**TASK INSTRUCTIONS**
Extract the run of lines that starts at the top of the records below and ends at the line with "L’esterno è semplice", keeping both ends and excluding pictures.

**DATA FOR THE TASK**
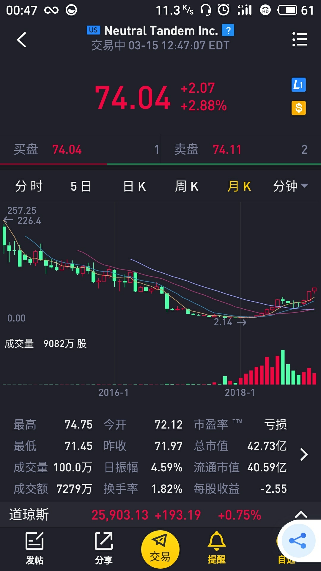 $Neutral Tandem Inc.(TNDM)$ 买这个股的人这么少吗?想交流下
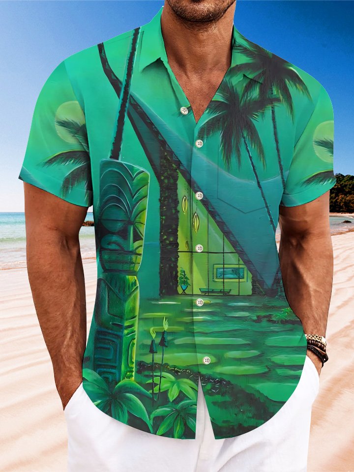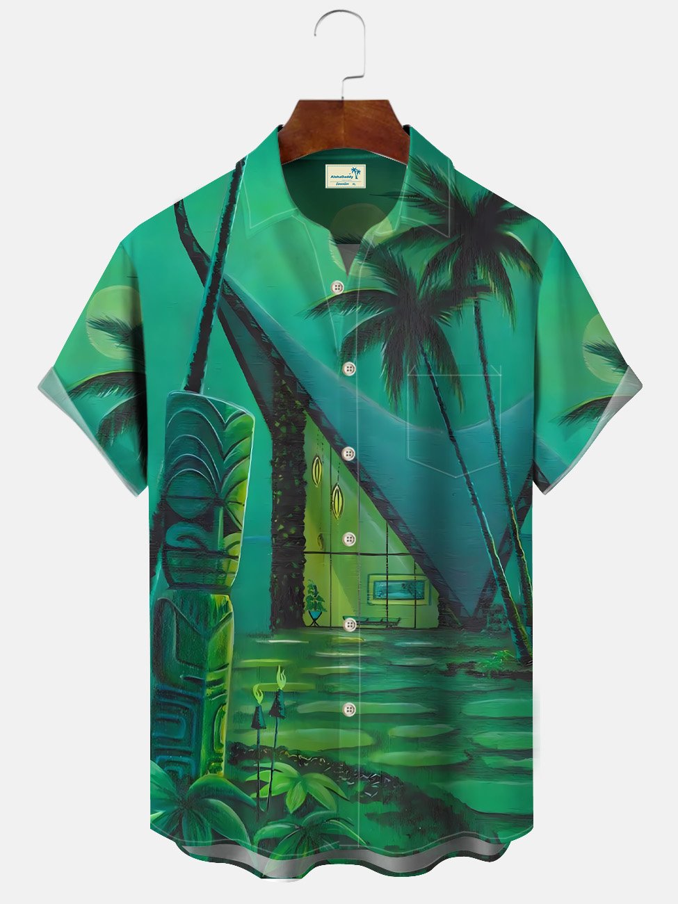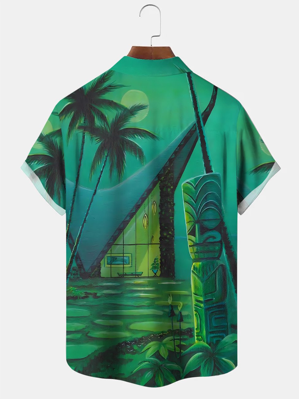 Alohadaddy Summer Stone Statue Mural Ethnic Men Button Pocket Casual Vacation Short Sleeve Shirt
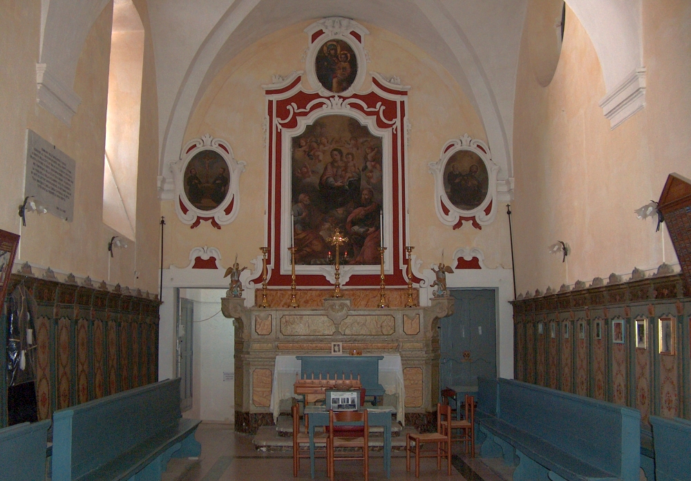 L’esterno è semplice in tufo con tre cupolette a trullo, all’interno tracce di affreschi in stile bizantino.
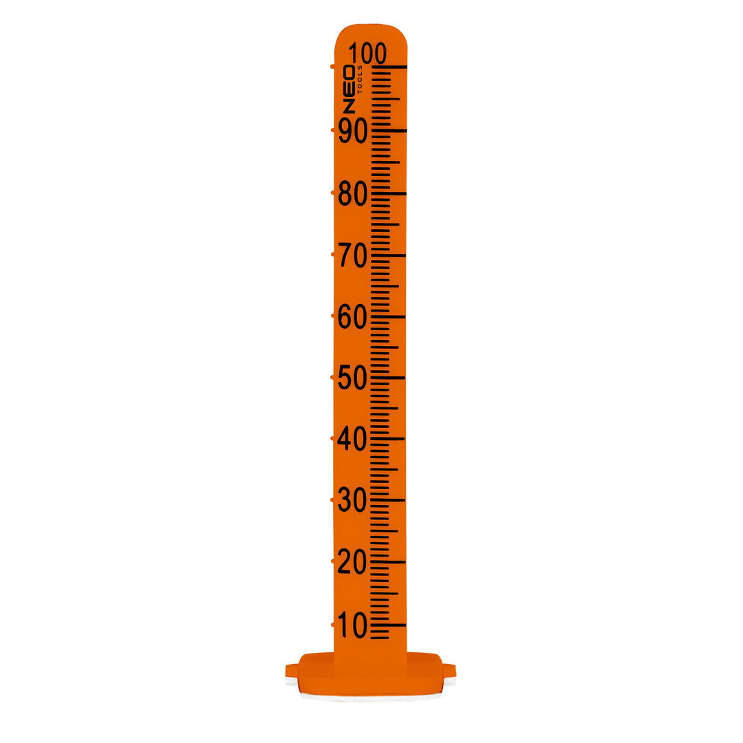 NEO 50-430 szintezőtalp aljzatkiegyenlítéshez.PE, 100 mm/ 20 darab, öntapadós 3M szalaggal ellátott. Az egyik oldalon nyomtatott, a másikon gravírozott skálával. A tervezett esztrich szintjét először vízmértékkel, szintező lézerrel vagy más szintezőeszközzel kell megállapítani. Az aljzatot alaposan elő kell készíteni, pl. alapozással, majd talpakat úgy kell elhelyezni, hogy az esztrich pontosan kiönthető legyen. Miután az alátéteken (vízmérték vagy lézer segítségével) meghatároztuk a megfelelő szinteket, a felesleget levágjuk, és az esztrichet a vágott szintre öntjük. Professzionális és hobbi használatra.
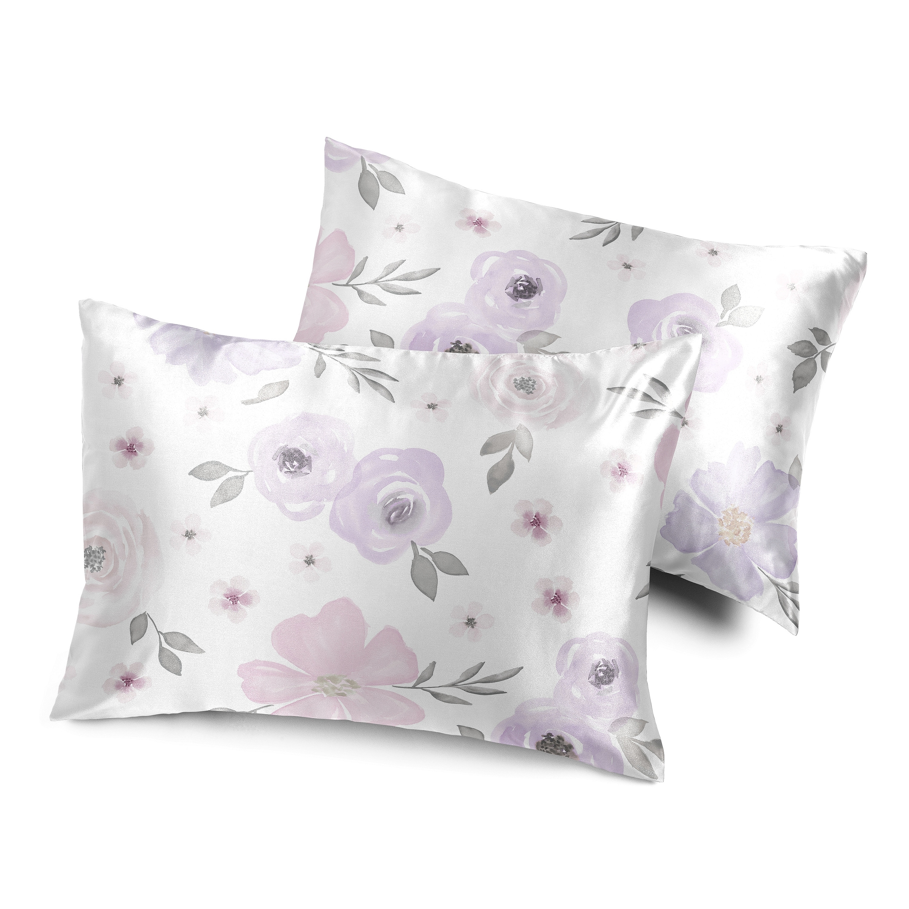 Sweet Jojo Designs Lavender Purple Boho Floral Girl Decorative Satin Pillowcases - 2 Pack Set - Bohemian, Shabby Chic Watercolor

**RESULT**
 $Neutral Tandem Inc.(TNDM)$ 买这个股的人这么少吗?想交流下
 Alohadaddy Summer Stone Statue Mural Ethnic Men Button Pocket Casual Vacation Short Sleeve Shirt
 L’esterno è semplice in tufo con tre cupolette a trullo, all’interno tracce di affreschi in stile bizantino.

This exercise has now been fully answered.